2.4. panic: XXX port of XXX not connected to anything!
2.4.1. Goal
Troubleshoot this kind of error:
panic: Pio port of system.realview.generic_timer_mem not connected to anything!
2.4.2. Explanation
- This error is generated in the C++ source code of gem5, by its error handling mechanism.
- The reason is clear: the setup of one SimObject's ports is badly programmed or forgotten.
2.4.3. Resolution
- The linkage of this port should perhaps have been done directly by you, or by an helper function already provided by gem5.
- To distinguish between these two ways, search in the source code the
concerned object (here,
system.realview.generic_timer_mem
). Understand its function, its ports, and so one. - One thing that can help a lot is the generated
config.dot.pdf
, which give a graphical representation of the system (with links between SimObject).
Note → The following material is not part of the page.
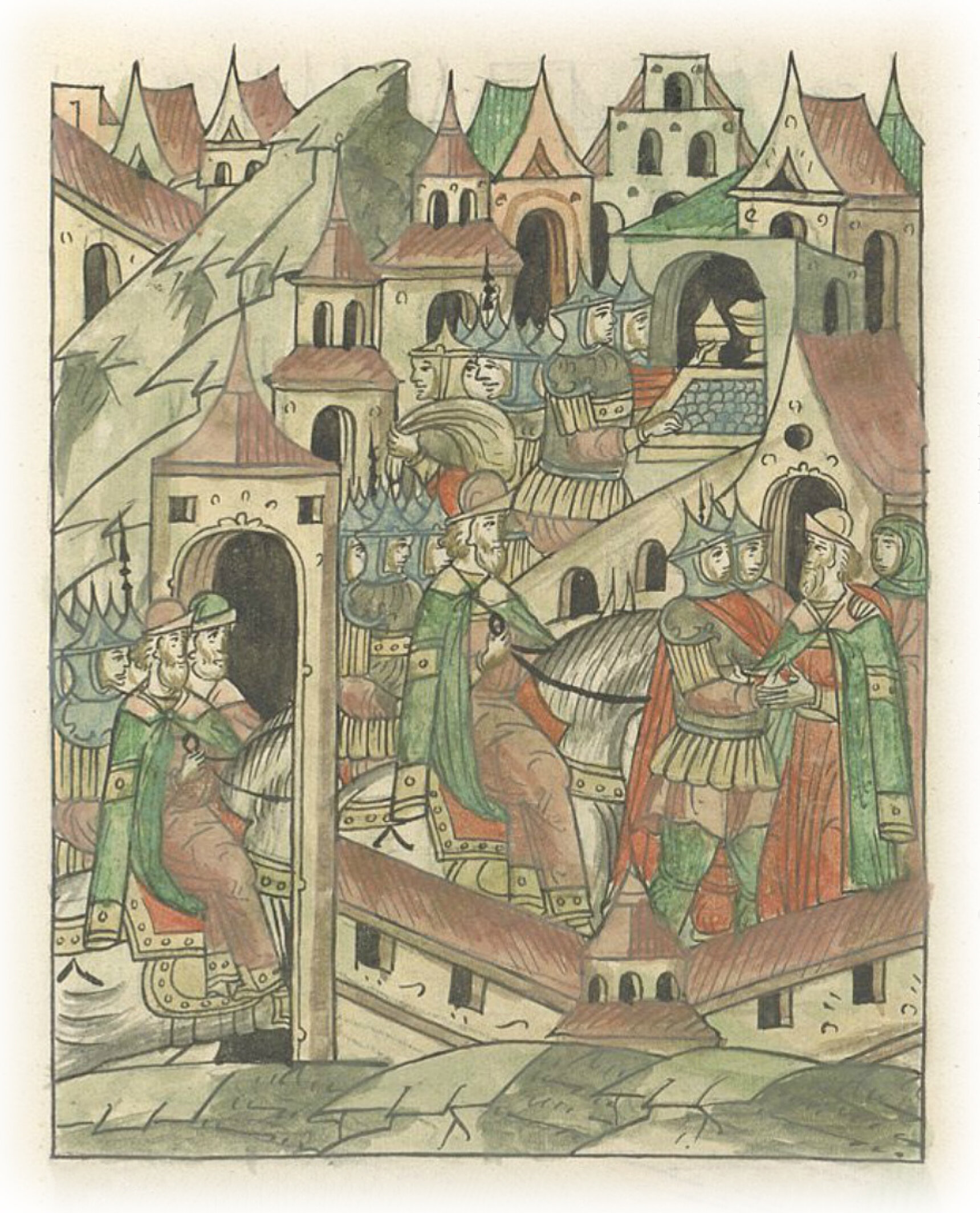 Ругодивские посадники Яким и Захар приезжают в Москву. Воеводы царя Ивана Васильевича Алексей Адашев и Иван Михайлов сообщают им, что государь пожалует их, если сдадут его воеводам помимо Ругодива Вышгород.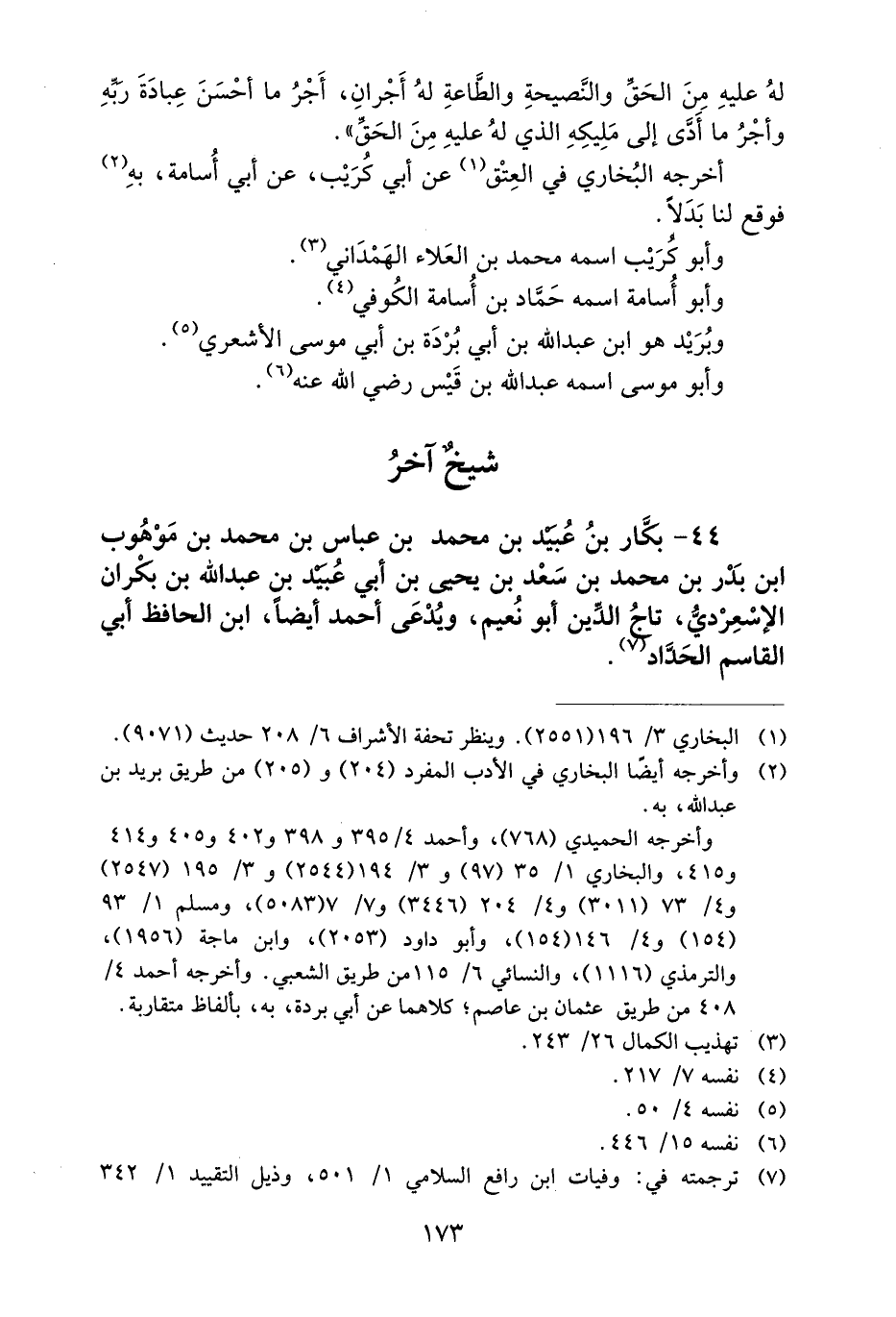 44- بَكَّارُ بْنُ عُبَيْدِ بْنِ مُحَمَّدِ بْنِ عَبَّاسِ بْنِ مُحَمَّدِ بْنِ مَوْهُوبِ بْنِ بَدْرِ بْنِ مُحَمَّدِ بْنِ سَعْدِ بْنِ يَحْيَى بْنِ أَبِي عُبَيْدِ بْنِ عَبْدِ اللَّهِ بْنِ بَكْرَانَ الإِسْعَرْدِيُّ، تَاجُ الدِّينِ أبو نعيم، ويدعى أحمد أيضاً، ابن الْحَافِظِ أَبِي الْقَاسِمِ الْحَدَّادُ.

2.5. Kernel panic - not syncing: VFS: Unable to mount root fs
2.5.1. Goal
Troubleshoot this kernel panic:
[ 0.224367] List of all partitions: [ 0.224394] fe00 1048320 vda [ 0.224397] driver: virtio_blk [ 0.224440] fe01 1048288 vda1 00000000-01 [ 0.224441] [ 0.224480] No filesystem could mount root, tried: [ 0.224481] ext3 [ 0.224510] ext4 [ 0.224524] ext2 [ 0.224537] squashfs [ 0.224551] vfat [ 0.224566] fuseblk [ 0.224579] [ 0.224606] Kernel panic - not syncing: VFS: Unable to mount root fs on unknown-block(254,0) [ 0.224656] CPU: 0 PID: 1 Comm: swapper/0 Not tainted 4.18.0+ #1 [ 0.224692] Hardware name: V2P-CA15 (DT) [ 0.224717] Call trace: [ 0.224741] dump_backtrace+0x0/0x1c0 [ 0.224765] show_stack+0x14/0x20 [ 0.224790] dump_stack+0x8c/0xac [ 0.224812] panic+0x130/0x288 [ 0.224836] mount_block_root+0x22c/0x294 [ 0.224861] mount_root+0x140/0x174 [ 0.224884] prepare_namespace+0x138/0x180 [ 0.224910] kernel_init_freeable+0x1c0/0x1e0 [ 0.224939] kernel_init+0x10/0x108 [ 0.224961] ret_from_fork+0x10/0x18 [ 0.224987] Kernel Offset: disabled [ 0.225009] CPU features: 0x21c06492 [ 0.225032] Memory Limit: 2048 MB [ 0.225056] ---[ end Kernel panic - not syncing: VFS: Unable to mount root fs on unknown-block(254,0) ]---
2.5.2. Explanation
- This error is generated by the Linux kernel, in a full-system-emulation setup.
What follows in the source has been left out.